INFORMATION PROVIDED:
Start of Block

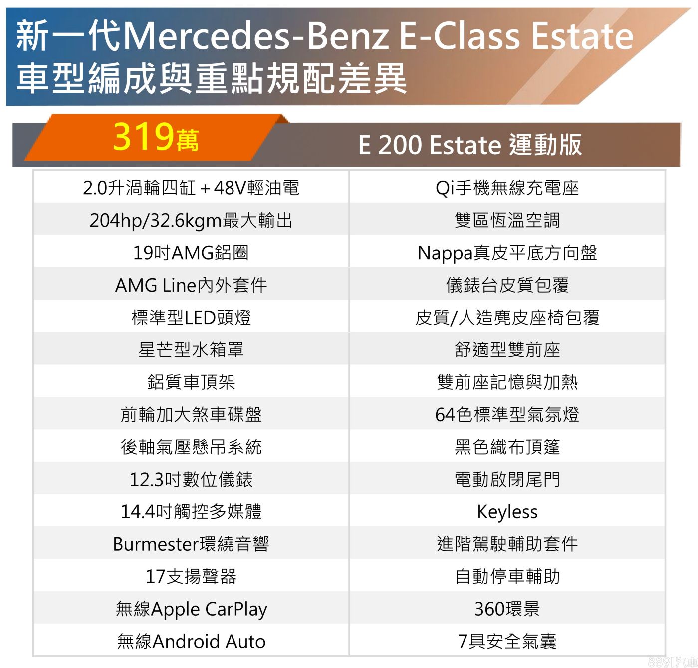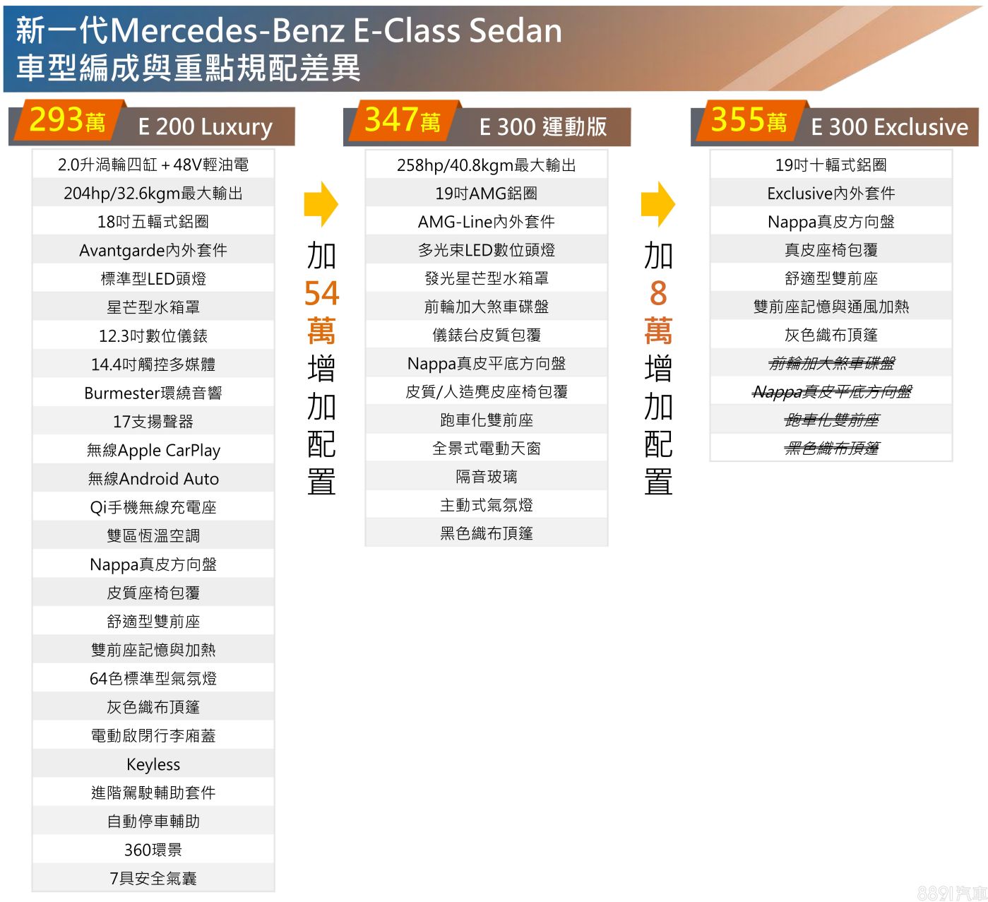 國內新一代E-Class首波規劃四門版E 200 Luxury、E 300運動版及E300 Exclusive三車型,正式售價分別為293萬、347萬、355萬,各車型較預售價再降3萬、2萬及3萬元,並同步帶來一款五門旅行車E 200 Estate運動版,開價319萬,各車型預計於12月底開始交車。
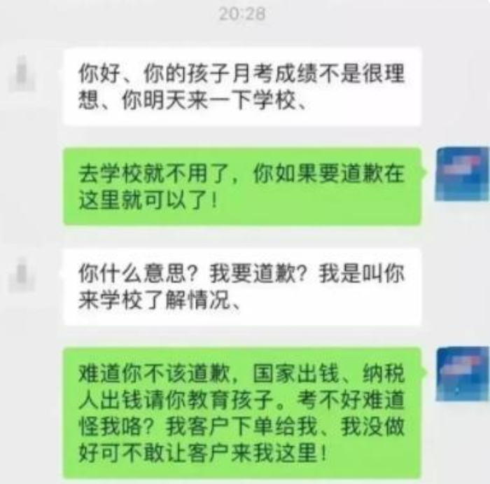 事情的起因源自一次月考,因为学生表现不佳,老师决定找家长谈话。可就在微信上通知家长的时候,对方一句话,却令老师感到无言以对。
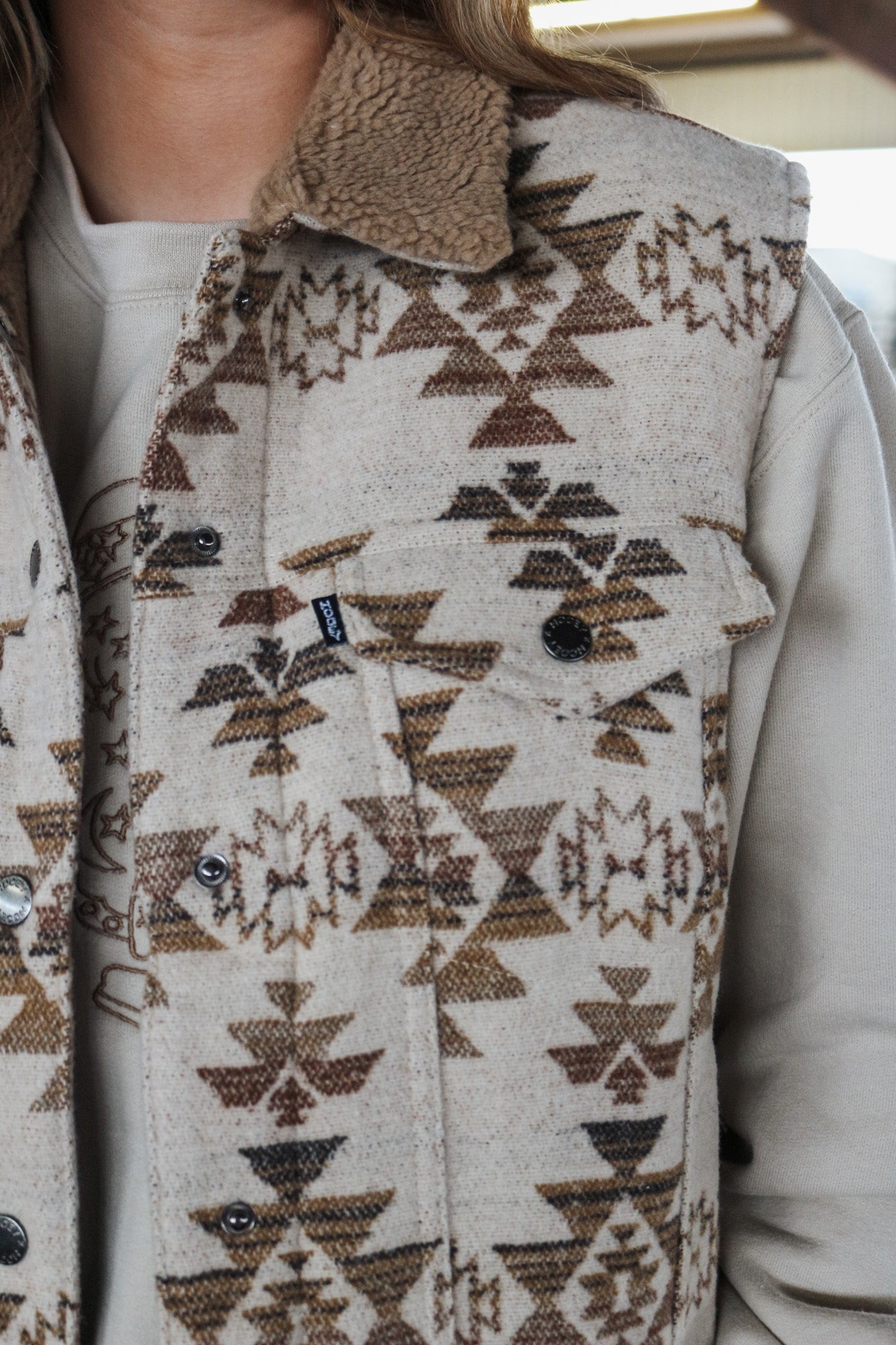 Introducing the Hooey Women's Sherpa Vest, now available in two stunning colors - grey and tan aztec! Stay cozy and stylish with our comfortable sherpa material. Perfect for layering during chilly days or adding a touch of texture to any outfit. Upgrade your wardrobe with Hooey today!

End of Block
Start of Block

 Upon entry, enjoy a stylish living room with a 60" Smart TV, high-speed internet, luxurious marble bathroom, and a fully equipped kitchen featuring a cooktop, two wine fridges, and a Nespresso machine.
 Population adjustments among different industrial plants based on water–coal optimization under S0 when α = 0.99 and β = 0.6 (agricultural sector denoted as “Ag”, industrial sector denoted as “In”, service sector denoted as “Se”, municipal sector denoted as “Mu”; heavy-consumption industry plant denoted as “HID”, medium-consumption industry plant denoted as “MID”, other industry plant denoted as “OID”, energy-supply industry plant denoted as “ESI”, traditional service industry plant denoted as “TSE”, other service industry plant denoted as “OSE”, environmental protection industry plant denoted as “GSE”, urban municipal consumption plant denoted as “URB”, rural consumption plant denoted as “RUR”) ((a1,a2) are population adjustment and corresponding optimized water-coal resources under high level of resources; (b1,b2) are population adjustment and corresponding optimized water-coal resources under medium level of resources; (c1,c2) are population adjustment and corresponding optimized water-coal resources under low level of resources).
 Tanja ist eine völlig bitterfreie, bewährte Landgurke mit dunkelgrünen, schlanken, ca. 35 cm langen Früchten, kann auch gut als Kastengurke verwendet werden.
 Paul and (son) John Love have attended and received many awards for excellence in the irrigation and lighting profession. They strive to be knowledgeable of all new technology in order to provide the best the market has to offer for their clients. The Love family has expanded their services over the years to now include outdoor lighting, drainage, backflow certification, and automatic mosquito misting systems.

End of Block

ABOUT THIS TASK:
Find each line above that contains "high", and copy those lines.

ANSWER BOX:
 Upon entry, enjoy a stylish living room with a 60" Smart TV, high-speed internet, luxurious marble bathroom, and a fully equipped kitchen featuring a cooktop, two wine fridges, and a Nespresso machine.
 Population adjustments among different industrial plants based on water–coal optimization under S0 when α = 0.99 and β = 0.6 (agricultural sector denoted as “Ag”, industrial sector denoted as “In”, service sector denoted as “Se”, municipal sector denoted as “Mu”; heavy-consumption industry plant denoted as “HID”, medium-consumption industry plant denoted as “MID”, other industry plant denoted as “OID”, energy-supply industry plant denoted as “ESI”, traditional service industry plant denoted as “TSE”, other service industry plant denoted as “OSE”, environmental protection industry plant denoted as “GSE”, urban municipal consumption plant denoted as “URB”, rural consumption plant denoted as “RUR”) ((a1,a2) are population adjustment and corresponding optimized water-coal resources under high level of resources; (b1,b2) are population adjustment and corresponding optimized water-coal resources under medium level of resources; (c1,c2) are population adjustment and corresponding optimized water-coal resources under low level of resources).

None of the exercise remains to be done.